## EXERCISE
With pictures omitted, output the records below exactly as they appear.

◆ ◆ ◆

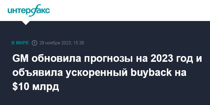 Москва. 29 ноября. INTERFAX.RU - General Motors Co. (GM) опубликовала новые прогнозы на 2023 год, а также объявила о запуске программы ускоренного обратного выкупа акций на сумму $10 млрд и намерении увеличить дивиденды на 33%.
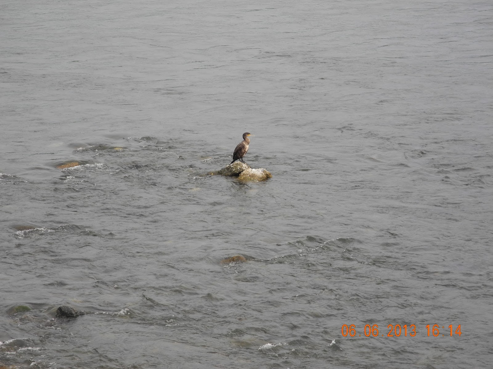 上流有漁翁用鵜捕魚,且乃表演節目。此鳥顯然係野生,毋需為漁翁工作。
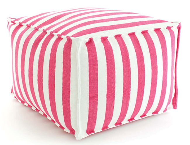 Pine Cone Hill’s classic nautical stripe pouf, made of durable polypropylene and filled with polystyrene beads, is the perfect seating for a festive outdoor area, shown here in Fresh American Trimaran fuchsia and white stripes. Pine Cone Hill, through Lillian August, Norwalk, 203-847-3314, lillianaugust.com, pineconehill.com.
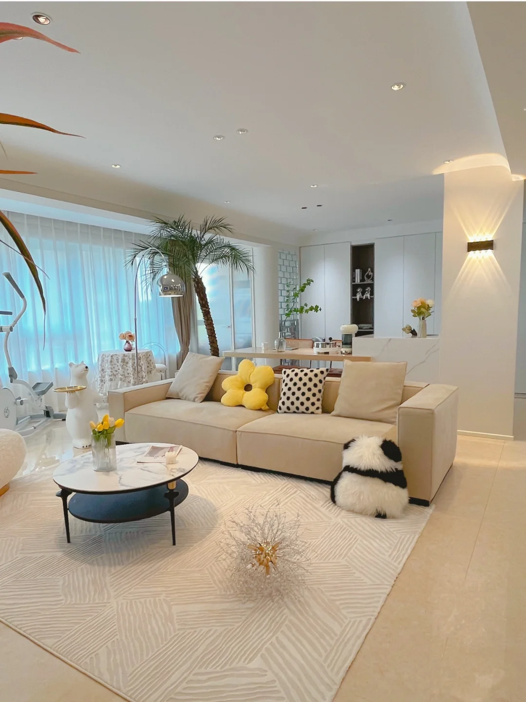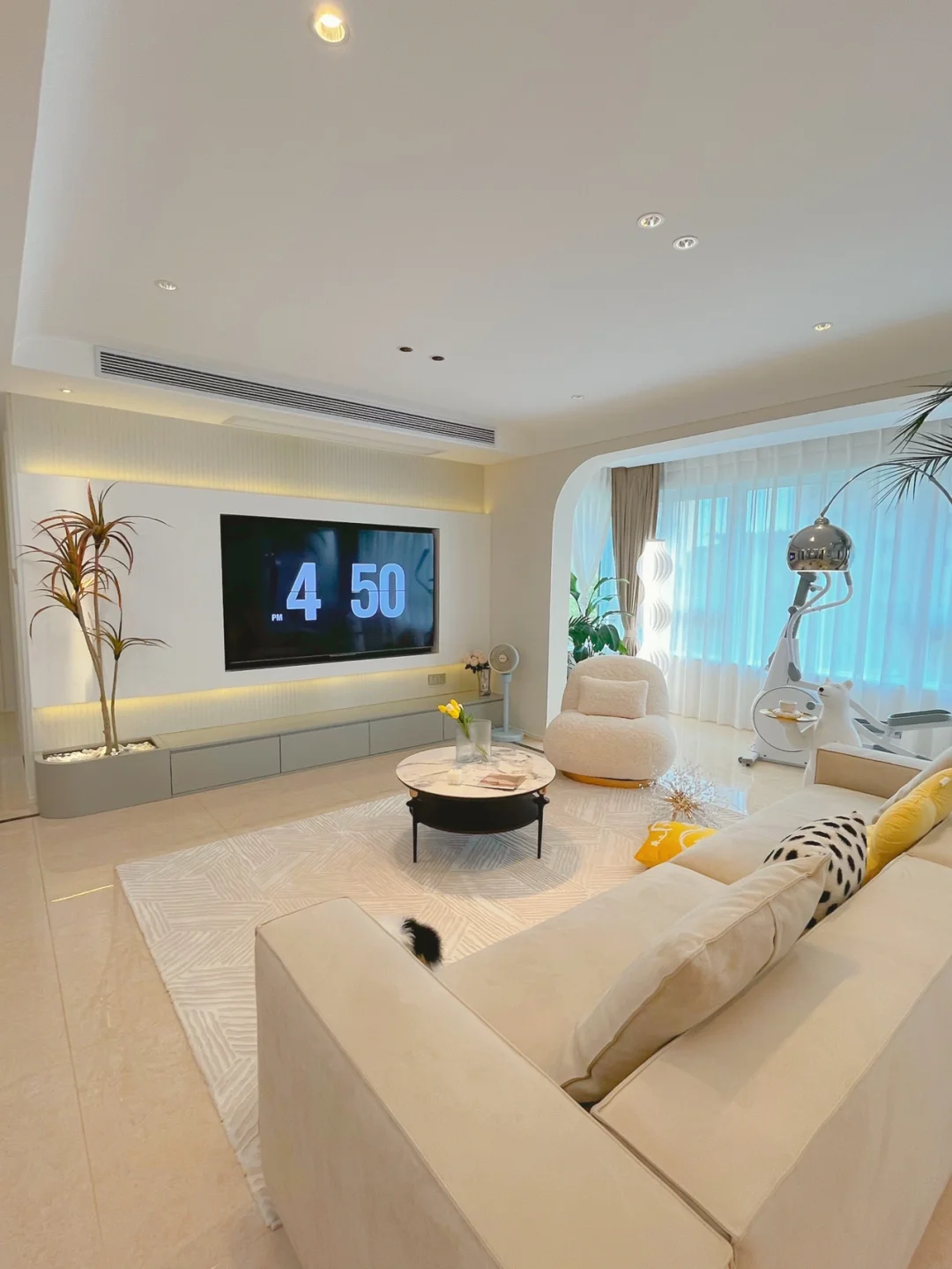 👉我家客餐厅加上阳台一起面积55平,风管机装在了电视背景墙上方,也正好包住这里的梁,配合全屋平顶,视觉上显得更开阔。
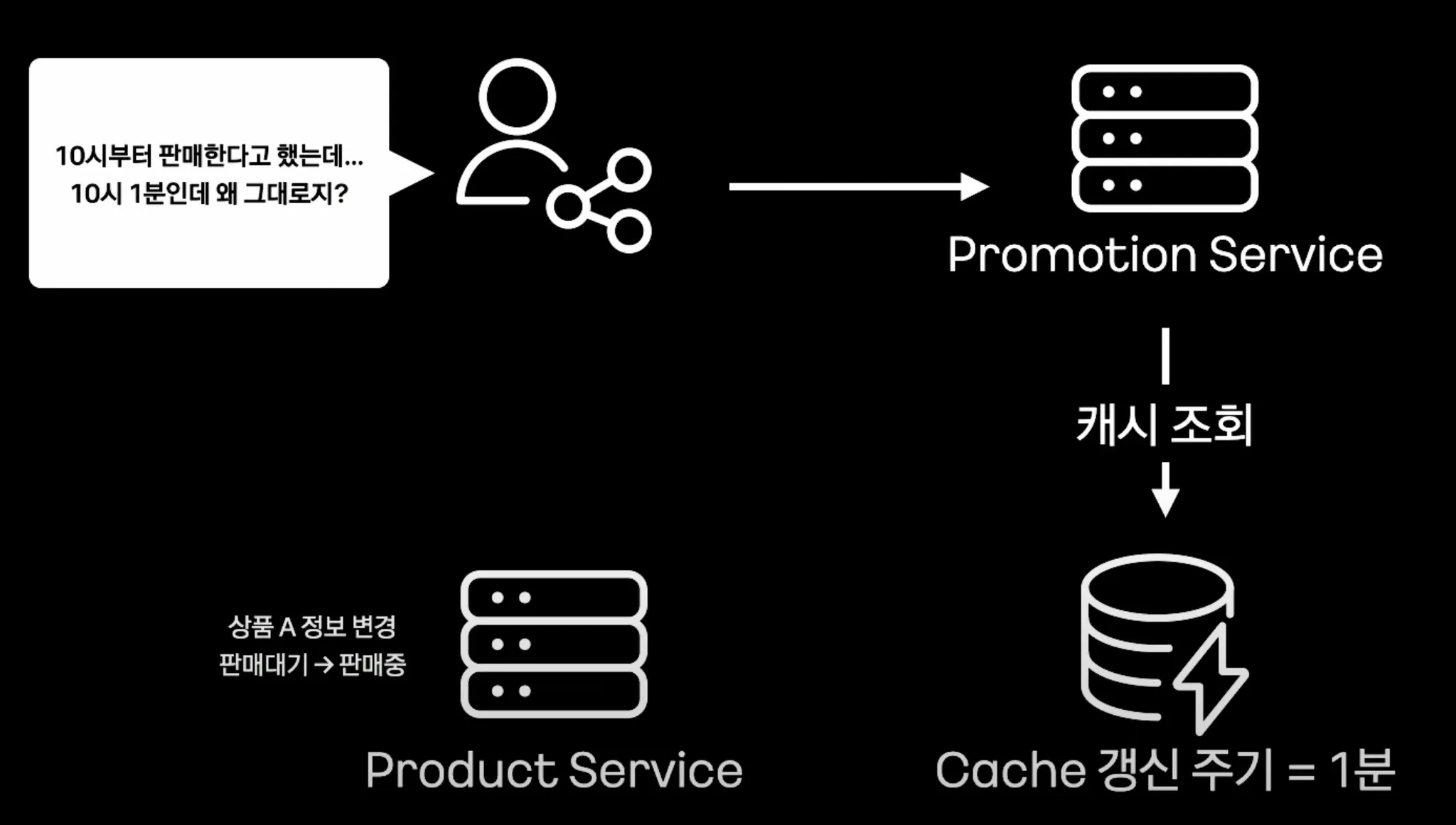 예) 중요 프로모션 제품의 판매 상태 정보 업데이트 딜레이 → 캐시 갱신 주기 감소 필요
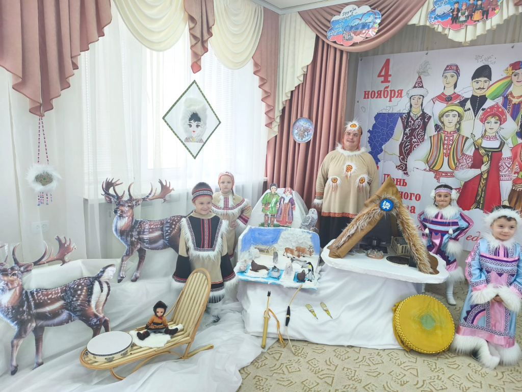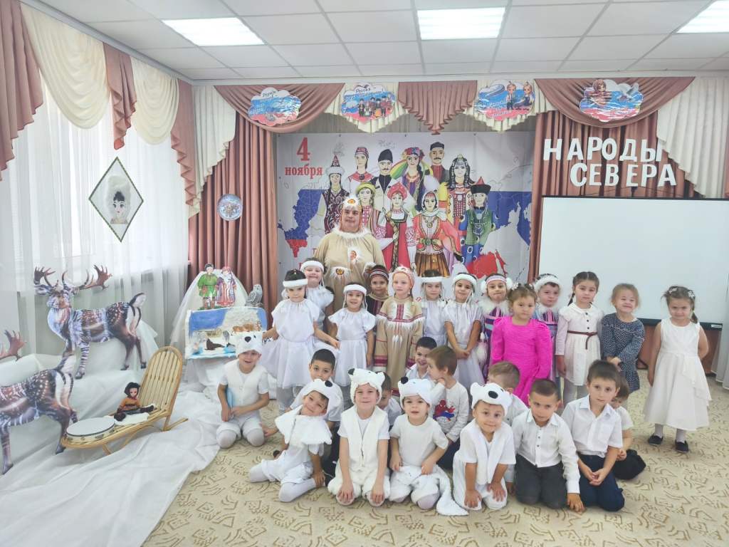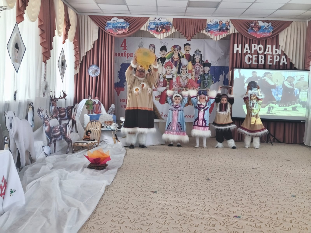 В нашем детском саду продолжается фестиваль «Дружба народов». Сегодня мы отправимся на север России, чтобы познакомиться с народами этого региона. Воспитанники средней группы «Бусинки» под руководством воспитателя Петровой Т.О., познакомят детей с народами Севера.
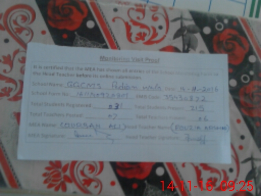 | EMIS Code: 35430872 | Name of School: GGCMS PADIAN WALA | |||

◆ ◆ ◆

## WRITTEN RESPONSE
 Москва. 29 ноября. INTERFAX.RU - General Motors Co. (GM) опубликовала новые прогнозы на 2023 год, а также объявила о запуске программы ускоренного обратного выкупа акций на сумму $10 млрд и намерении увеличить дивиденды на 33%.
 上流有漁翁用鵜捕魚,且乃表演節目。此鳥顯然係野生,毋需為漁翁工作。
 Pine Cone Hill’s classic nautical stripe pouf, made of durable polypropylene and filled with polystyrene beads, is the perfect seating for a festive outdoor area, shown here in Fresh American Trimaran fuchsia and white stripes. Pine Cone Hill, through Lillian August, Norwalk, 203-847-3314, lillianaugust.com, pineconehill.com.
 👉我家客餐厅加上阳台一起面积55平,风管机装在了电视背景墙上方,也正好包住这里的梁,配合全屋平顶,视觉上显得更开阔。
 예) 중요 프로모션 제품의 판매 상태 정보 업데이트 딜레이 → 캐시 갱신 주기 감소 필요
 В нашем детском саду продолжается фестиваль «Дружба народов». Сегодня мы отправимся на север России, чтобы познакомиться с народами этого региона. Воспитанники средней группы «Бусинки» под руководством воспитателя Петровой Т.О., познакомят детей с народами Севера.
 | EMIS Code: 35430872 | Name of School: GGCMS PADIAN WALA | |||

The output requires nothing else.